Sometimes we find ourselves being entrenched in a situation where our own governments whom we voted into offices turn against us and silence us at gunpoints. Today it is public secret that freedom of expression is becoming treason and journalism being defined as terrorism in some countries. Consequently, a significant number of journalists and critics are being languished in maximum-security cells and openly murdered for telling us the truth. This reality holds true under all authoritarian regimes of our time on our globe.
As I told you earlier, my life is rich in prison experiences! Ironically, thanks to my prison experience, I lived and witnessed the most anguishing ambience where human beings were treated either as dehumanized objects or non-human animals.

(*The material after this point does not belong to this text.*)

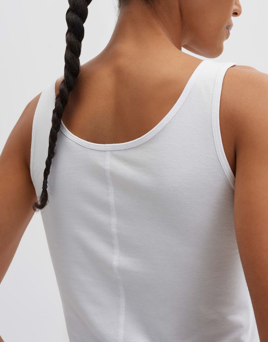 schmale Passform, figurbetont geschnitten, normale Länge, ärmellos, Rundhalsausschnitt, Rückenlänge ca. 62 cm bei Größe 36, BCI Cotton Mix, Jersey, weicher Griff, elastischer Stoff, Längsnaht hinten Material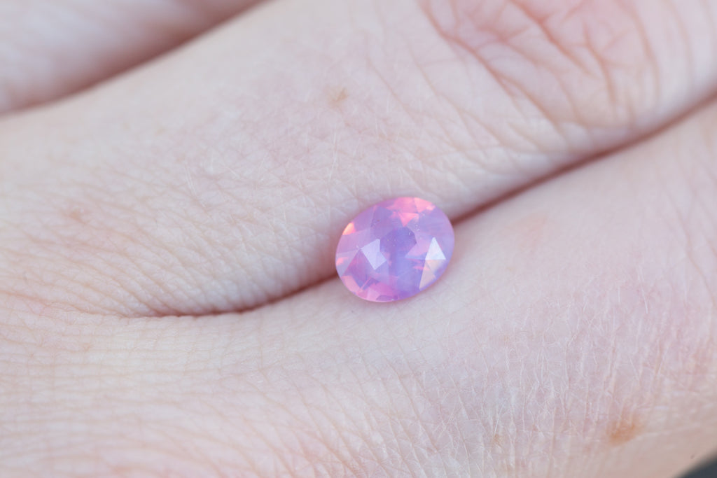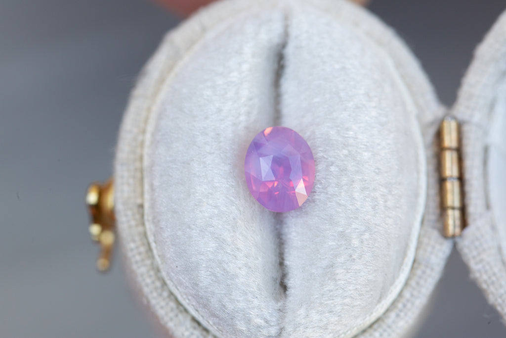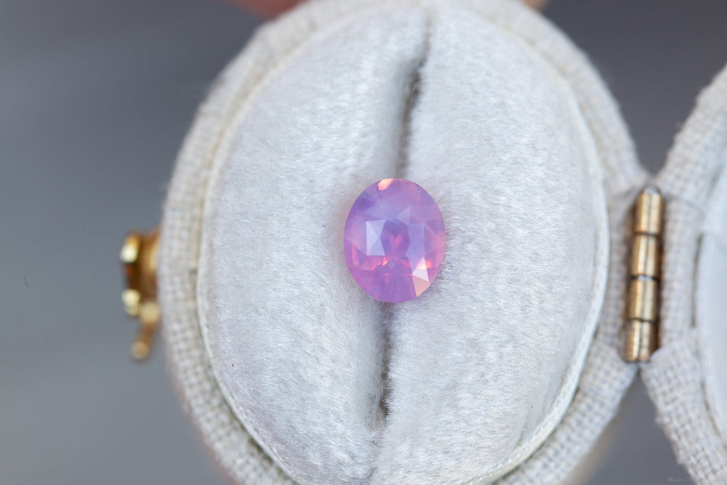 The absolute prettiest oval opalescent pink sapphire! It is such a beauty and will make an incredibly special piece!

You see, in prisons things turn upside down and stand on their heads. What is human becomes animal and what is animal becomes a speaking chattel! Life under captivity makes the alienation chiasmatic figure! Worst kind of modern slavery is going on behind the barbed wires under all oppressive regimes. My own experience attests that prison is a place where alienation of humankind expresses itself in its worst forms like that of war conditions. Both wars and prisons dehumanize, traumatize, pacify, silence, radicalize… or break physical and mental integrity of a human person.
It is obvious fact that we live in a highly polarized global and local community where hourly and daily our identities and dignities as a human person are being eroded dismantled or completely wiped out. On the face of all these devastating experiences and trying challenges silence and implicitly are tantamount to suicide. It is time to break the silence, come forward, and let us reconfirm our collective human identities and dignities. These challenges are both local, global and collective in their characteristics and demand our common vision and collective action. As we break the silence, freedom, human rights and justice dawn! Procrastination is the thief time! Let us act now!